ABOUT THIS EXERCISE: Retype exactly the span of lines below from the one with "white background, blush" through the one with "여름철이면 바다 속의". Do not include pictures.

Extracted data entries
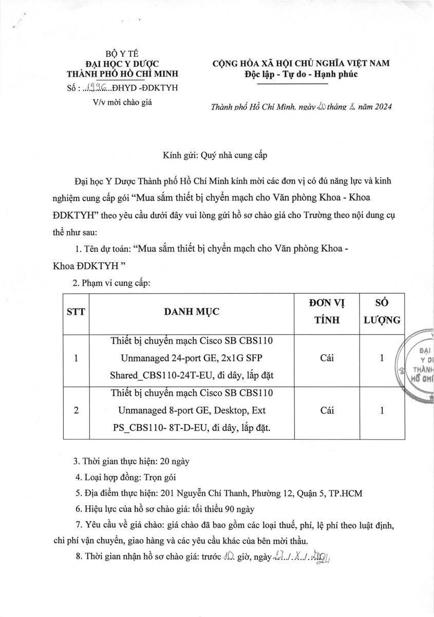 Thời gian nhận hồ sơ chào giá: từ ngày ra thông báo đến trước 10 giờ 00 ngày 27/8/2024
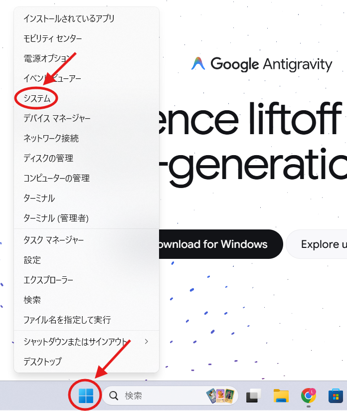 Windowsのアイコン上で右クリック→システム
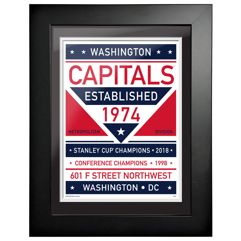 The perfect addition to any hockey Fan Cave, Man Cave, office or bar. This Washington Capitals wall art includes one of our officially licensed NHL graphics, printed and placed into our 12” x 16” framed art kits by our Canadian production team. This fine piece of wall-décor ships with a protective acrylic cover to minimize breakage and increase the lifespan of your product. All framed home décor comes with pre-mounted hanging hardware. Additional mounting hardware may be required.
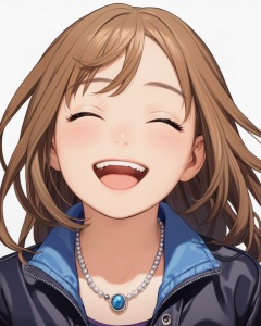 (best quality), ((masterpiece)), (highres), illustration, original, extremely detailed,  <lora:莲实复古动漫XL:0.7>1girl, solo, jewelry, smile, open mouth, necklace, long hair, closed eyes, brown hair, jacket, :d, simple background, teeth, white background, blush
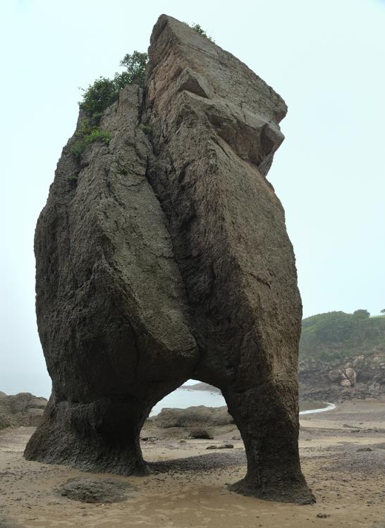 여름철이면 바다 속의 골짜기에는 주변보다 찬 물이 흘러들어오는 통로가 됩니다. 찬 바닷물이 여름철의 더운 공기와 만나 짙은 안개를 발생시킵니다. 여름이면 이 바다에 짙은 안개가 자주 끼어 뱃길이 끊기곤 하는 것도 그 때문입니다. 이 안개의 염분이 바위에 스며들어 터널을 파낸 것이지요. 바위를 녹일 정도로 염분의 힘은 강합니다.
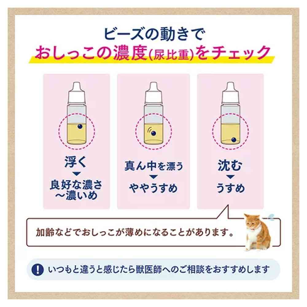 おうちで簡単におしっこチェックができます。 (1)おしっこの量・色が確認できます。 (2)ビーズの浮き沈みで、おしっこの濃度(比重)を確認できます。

RESULT FOR THIS TASK:
 (best quality), ((masterpiece)), (highres), illustration, original, extremely detailed,  <lora:莲实复古动漫XL:0.7>1girl, solo, jewelry, smile, open mouth, necklace, long hair, closed eyes, brown hair, jacket, :d, simple background, teeth, white background, blush
 여름철이면 바다 속의 골짜기에는 주변보다 찬 물이 흘러들어오는 통로가 됩니다. 찬 바닷물이 여름철의 더운 공기와 만나 짙은 안개를 발생시킵니다. 여름이면 이 바다에 짙은 안개가 자주 끼어 뱃길이 끊기곤 하는 것도 그 때문입니다. 이 안개의 염분이 바위에 스며들어 터널을 파낸 것이지요. 바위를 녹일 정도로 염분의 힘은 강합니다.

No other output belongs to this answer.